Here is my model definition:
# Define factor model
with pm.Model() as model:
y_data = pm.Data('y', y)
# Parameters at factor level
intercept_size = pm.Normal(f'intercept_size', 0.0, 1.0, shape=(len(structure['size'].cat.categories)))
intercept_type = pm.Normal(f'intercept_type', 0.0, 1.0, shape=(len(structure['type'].cat.categories)))
j_size = structure['size'].cat.codes.values
j_type = structure['type'].cat.codes.values
intercept = pm.Deterministic('intercept', intercept_type[j_type] + intercept_size[j_size])
sigma = pm.Exponential('sigma', 1.0, shape=y.shape[1])
pm.Normal('obs', intercept, sigma, observed=y_data)
When I fit the model to the data:
with model:
trace = pm.sample(target_accept=0.99, return_inferencedata=True)
I obtained highly correlated samples for the parameters intercept_size
and intercept_type
(correlation is basically perfect, ~ -0.99). I think this might not be surprising at first because there is some ambiguity.
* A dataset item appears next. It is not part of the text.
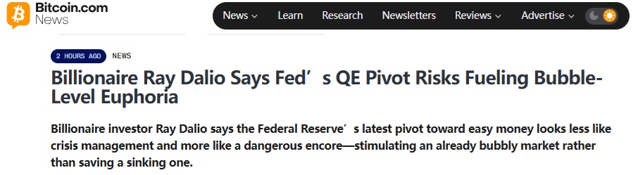 FX168财经报社(亚太)讯 亿万富翁投资人瑞·达利欧(Ray Dalio)表示,美联储最近转向宽松货币政策,与其说是危机管理,不如说是危险的返场之举——刺激已经泡沫化的市场,而不是拯救正在下沉的市场。

On the other hand, we have 9 individuals and 6 free parameters (3 for the size and 3 for the type), so from a linear algebra perspective, it should be possible to identify the parameters unambiguously.
My two questions are thus:
- Is there some mistake in the model definition?
- Is there a conceptual flaw in the model or in my thought that it should be possible to identify the parameters with the 9 individuals and 6 parameters?